One does not remove an ideology or a religion from the world via the initiation of force against governments that happen to formally adhere to such a belief system. This is especially the case for religions, which spontaneously arise from cultural evolutionary processes that among the more successful examples tend to favor self-propagation mechanisms (e.g. true believers motivated to form large indoctrinated families, to evangelize, and to be violently intolerant of those subscribing to rival belief systems) and thus can spread and sustain themselves even in the absence of support from political and economic institutions. Wiping out a state with violence doesn't wipe out a deeply-embedded culture that informed that state's particular brand of authoritarianism.
In most Mohammedan nations, it isn't safe to express an atheist or a gay identity, etc. even in the absence of any formal state enforcement of Sharia law. Even decades of colonial political control by various Western powers in many of these nations did little to make their cultures tolerant of such identities, and experiments in democratizing these nations have usually resulted in the election of Islamist political parties that enforce Sharia-like restrictions against various Western influences.
Even worse, attempting to wage a religious war or cultural war by military means only makes things more authoritarian in cultural terms, both in the countries being invaded and in the countries that are doing the invading. Neoconservatives, ever prone to embracing false World War II analogies, plainly failed in their attempts to replicate the German "deNazification" and "democratization" processes in Iraq and Afghanistan, just as the British Imperialists had failed to fundamentally transform Iraq and Afghanistan during the heyday of their empire (notwithstanding the fact that they had literally invented "Iraq" as a distinct polity in the first place). What they succeeded in doing was seriously eroding civil liberties in America.
Moreover, it was obvious to informed observers prior to the outbreak of the war that the primary goal of Neoconservatives was to seize control of Iraq's oil resources as a part of their broader strategy to assure America's unilateral dominance of the world via control of access to natural resources and technologies (which was outlined in their manifesto _Rebuilding America's Defenses_), as well as secure profitable oil concessions and arms contracts for their corporate supporters. Neoconservative incitement of fears of jihadist movements (which were absurd in the case of Saddam Hussein, a long-time secularist from a minority religious sect) and of non-existent weapons of mass destruction only served as a flimsy pretext to seek the regime change in Iraq that the Neoconservatives had been clamoring for at least five years. Eliminating jihadism was never a serious goal of the "war on terror" or the war on Saddam.

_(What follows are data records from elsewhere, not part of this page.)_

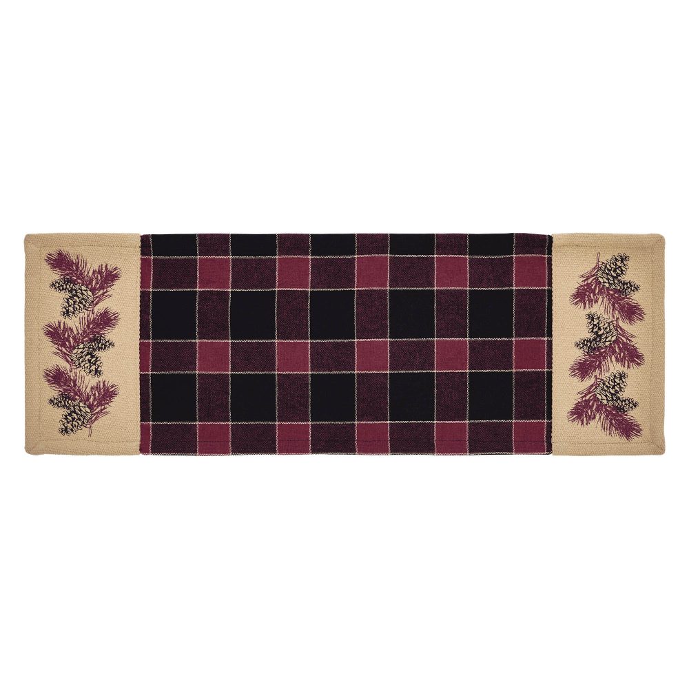 - RUSTIC WOODLAND ELEGANCE: Elevate your dining experience with this 8×24 inch Lodge Cabin Woodland table runner, showcasing a timeless design of primitive pinecones and delicate pine needles on natural tan blocks, beautifully framed by a classic burgundy and black plaid backdrop, expertly crafted from 100% finely woven cotton for a comforting feel and lasting durability, ensuring effortless maintenance with machine washable and tumble dry low care, and perfectly complementing other cherished items from the VHC Brands Connell Collection.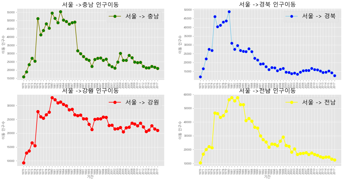 df_seoul.rename(columns={'전국':'전출'}, inplace=True)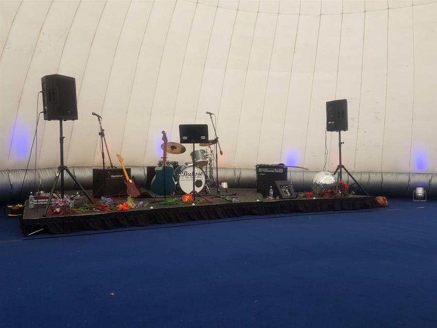 Need a stage for an event in a hurry? Our portable stage consists of 18 separate 1m x 1m squares that can be positioned together in any configuration to fit your space and your needs. The platforms are covered with grey carpet and are perfect for public events, bands, weddings, and school performances. We can even build a special package for you that will include lighting and sound systems.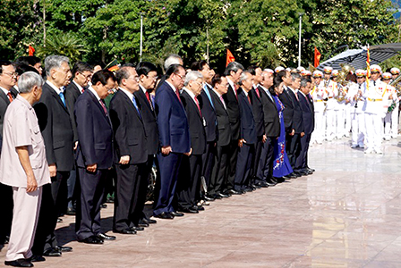 Đoàn đại biểu Ban Chấp hành Trung ương Đảng, Quốc hội, Chủ tịch nước, Chính phủ, Ủy ban Trung ương Mặt trận Tổ quốc Việt Nam và tỉnh Hưng Yên tưởng nhớ Tổng Bí thư Nguyễn Văn Linh. Ảnh: TH, Dangcongsan.vn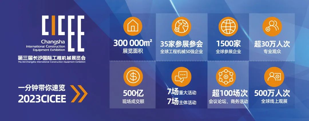长沙国际工程机械展是全新崛起的世界级工程机械展会,在展会规模、观众人数、参展世界50强企业数量、展会影响力,比肩全球三大工程机械展。第三届CICEE将于2023年5月在长沙国际会展中心举办,展览面积约30万平方米,参展商包括世界工程机械50强企业、世界500强和行业龙头企业等共计超过1000多家。现场还会举办超百场会议论坛、商务会谈等活动,集国际论坛、国际赛事、行业前沿技术交流、先进企业技术展示于一体。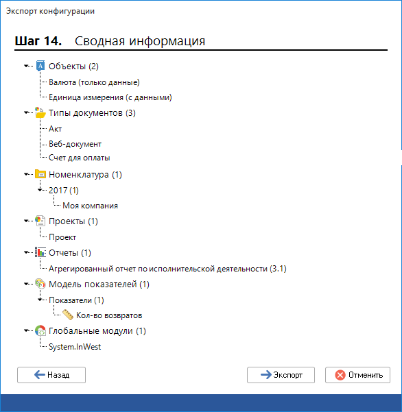 На данном шаге (рис. 22) отображается сводная информация обо всех экспортируемых объектах.

By the way, the Chinese Communist dictatorship was provoked into instituting a strategy of its own to break out of this attempted encirclement by securing its own maritime and overland links to Europe, the Middle East, and Africa. This has come to be known as the "Belt and Road initiative." The military contest implicit in the conflicting goals of these strategies, where each superpower fears being cut off from the world by the other's military in the event of a crisis, has the potential to incentivize an arms race, etc. and ultimately the outbreak of World War III in much the same way that fears of strategic encirclement were a major factor in sparking World Wars I and II. The unintended consequence of Neoconservatives attempting to dominate the world a couple of decades ago (while pretending to slay Islamic monsters) may well be the thermonuclear annihilation of our civilization.